Configuring NDE on a Native IOS device
In configure mode on the Supervisor Engine, follow the instructions for an IOS device above, and then issue the following to enable NDE:
mls nde sender version 5
or
mls nde sender version 7
This sets the export version. Due to several IOS bugs, the export version you must use on the supervisor is dependent on your hardware configuration and IOS version:
• Distributed Forwarding Cards and 12.1(13)E03, 12.1(18.1)E,12.2(13.6)S, 12.2(15.1)S, 12.2(17a)SX or above: use version 5. Note that this configuration will cause the Performance Counters to reportmissed flows that are not actually missed; this is the result of an IOS bug fixed in the SXF strains.
• Distributed Forwarding Cards and older than 12.1(13)E03, 12.1(18.1)E, 12.2(13.6)S, 12.2(15.1)S or 12.2(17a)SX: this configuration will cause serious problems, so please contact Crannog Software if your device matches this description.

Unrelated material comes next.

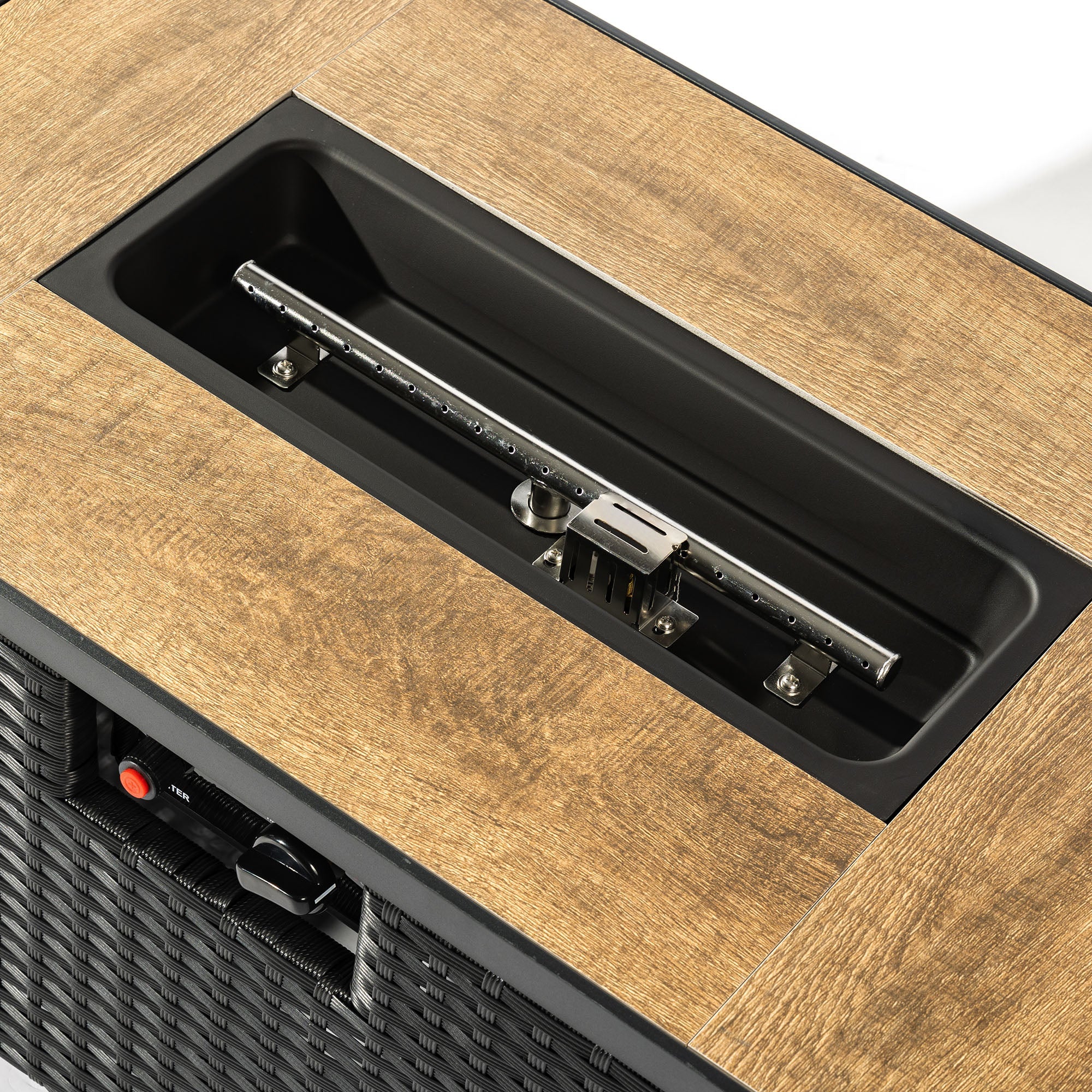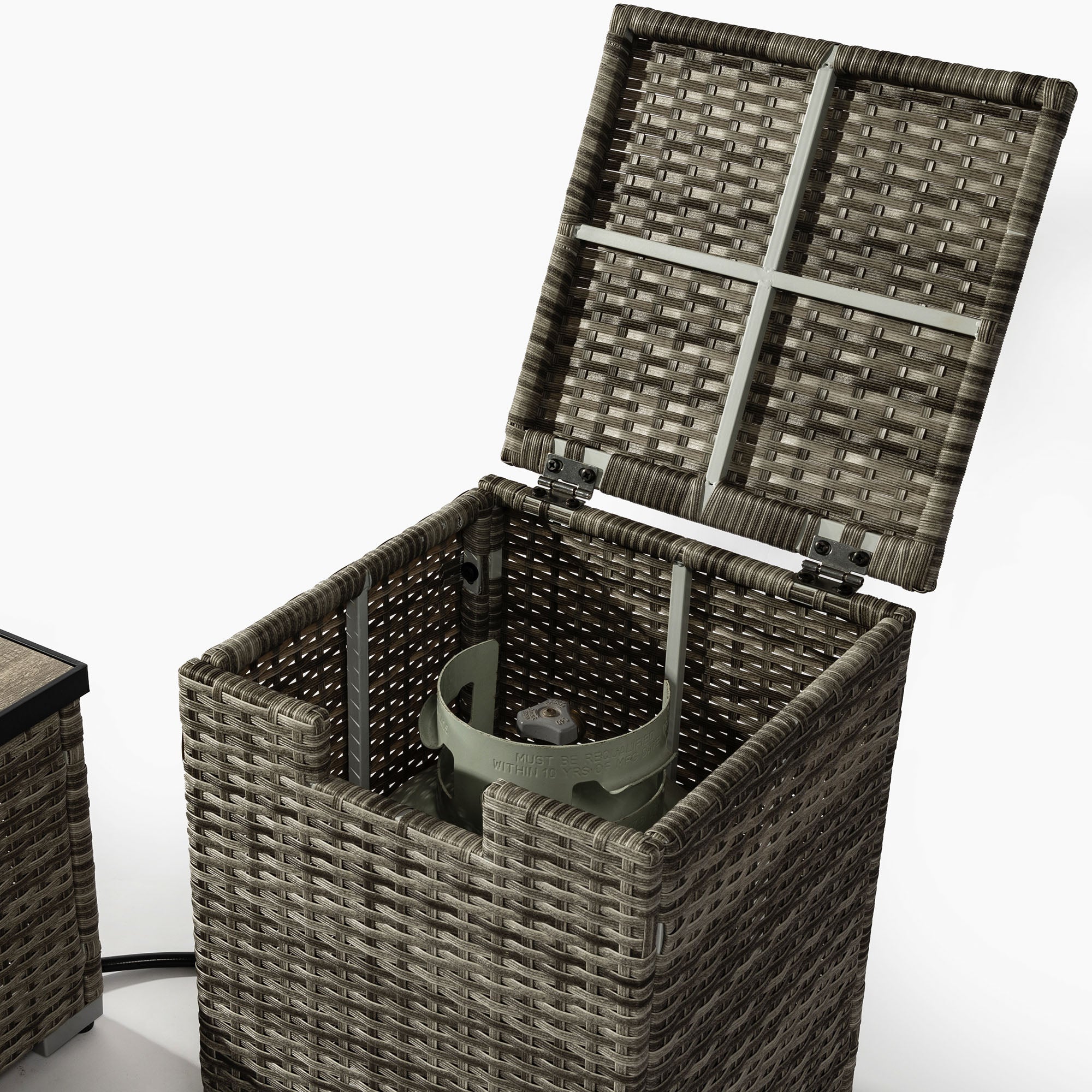 • Stunning New Hue, Timeless Style: Draped in a beautiful wicker, this fire pit table makes a bold style statement in any outdoor space. The fresh, eye - catching color paired with the classic wicker texture not only adds a modern twist but also creates a harmonious look with the matching propane tank cover area, elevating your patio or garden’s aesthetic.

• No Distributed Forwarding Cards and 12.0(24)S, 12.2(18)S, 12.3(1) or above: use version 5 and configure the MSFC to export version 9 as described above.
• No Distributed Forwarding Cards and 12.1(13)E03, 12.1(18.1)E,12.2(13.6)S, 12.2(15.1)S, 12.2(17a)SX or above: use version 5.
• Anything else: use version 7. Note that version 7 may not include AS or subnet mask information.
mls aging long 64
This breaks up long-lived flows into (roughly) one-minute segments.
mls aging normal 32
This ensures that flows that have finished are exported in a timely manner.
mls flow ip interface-full
mls nde interface
or
mls flow ip full
If you have a Supervisor Engine 2 or 720 running IOS version 12.1.13(E) or higher the first two commands are required to put interface and routing information into the NetFlow Exports. This information is unavailable with any earlier IOS version on the Supervisor Engine 2 or 720.If you have a Supervisor Engine 1 the third command is required to put full information into the NetFlow Exports.
ip flow ingress layer2-switched vlan <vlanlist>
ip flow export layer2-switched vlan <vlanlist>
A PFC3B or PFC3BXL running 12.2(18)SXE or higher is required for this command, which enables NDE for all traffic within the specified VLANs rather than just inter-VLAN traffic.
Configuring NetFlow Export on a 4000 series switch
The 4000 and 4500 series switches require a Supervisor IV with a NetFlow Services daughter card (WS-F4531) and IOS version 12.1(19)EW or above to support NetFlow. First configure the device as for an IOS device above, omitting the command ip route-cache flow on each interface, and then issue the following:ip route-cache flow infer-fields
This ensures routing information is included in the flows.